## Task instructions
Locate "Chaleco sastrero bordado." in the records below, then copy its line and every following line exactly, without the pictures.

==== Information supplied

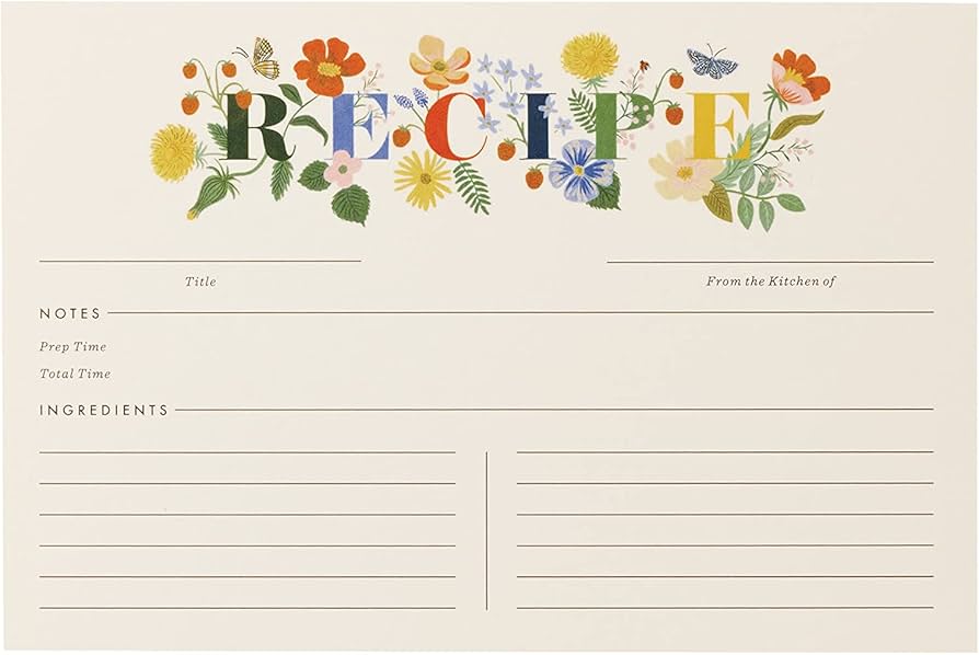 Jot down ingredients and instructions for your favorite dishes with these pretty recipe cards.
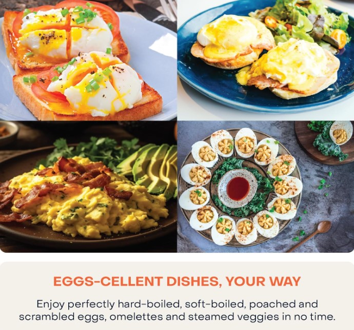 یک دستگاه جمعوجور و سریع برای پخت انواع تخممرغ با سه حالت پخت مختلف است. با توان مصرفی ۳۶۰ وات، این دستگاه قادر است تا ۷ عدد تخممرغ را در کمترین زمان ممکن به شکلی عالی و با کیفیت آبپز، نیمرو یا املت آماده کند. این دستگاه مخصوصاً برای افرادی که به سرعت نیاز به تخممرغ پخته یا انواع املت دارند، گزینهای مناسب و کارآمد است.
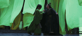 【为什么会有《英雄》这部电影?】在叙事结构上,《英雄》借鉴了《罗生门》,但不以故事为主,而是用色彩讲故事。
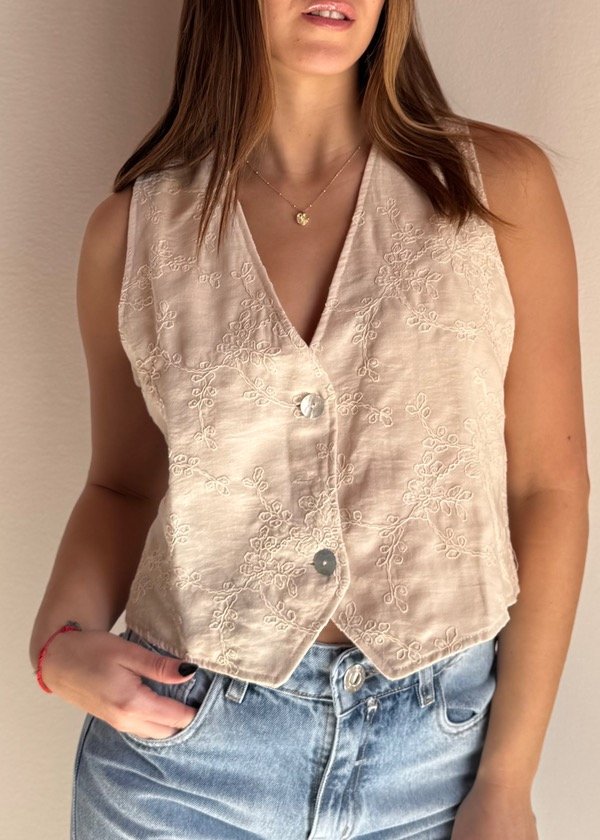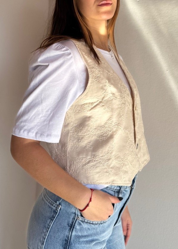 Chaleco sastrero bordado. Disponible en talle unico, abarca hasta un TL aprox
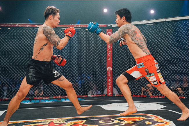 ■今大会の「ファイト オブ ザ・ナイト」に選ばれたのが、「アウトローのカリスマ 瓜田純士」選手と「岐阜の暴君ラッパー 梵頭」選手の一戦です。オーディションでできた因縁を果たすべく、バン中村との一戦を反故にしてまで決まった試合でした。瓜田選手の猛攻撃に一切下がらない梵頭選手。後半の追い上げもあり30秒の延長戦になりました。

========

## Response to this exercise
 Chaleco sastrero bordado. Disponible en talle unico, abarca hasta un TL aprox
 ■今大会の「ファイト オブ ザ・ナイト」に選ばれたのが、「アウトローのカリスマ 瓜田純士」選手と「岐阜の暴君ラッパー 梵頭」選手の一戦です。オーディションでできた因縁を果たすべく、バン中村との一戦を反故にしてまで決まった試合でした。瓜田選手の猛攻撃に一切下がらない梵頭選手。後半の追い上げもあり30秒の延長戦になりました。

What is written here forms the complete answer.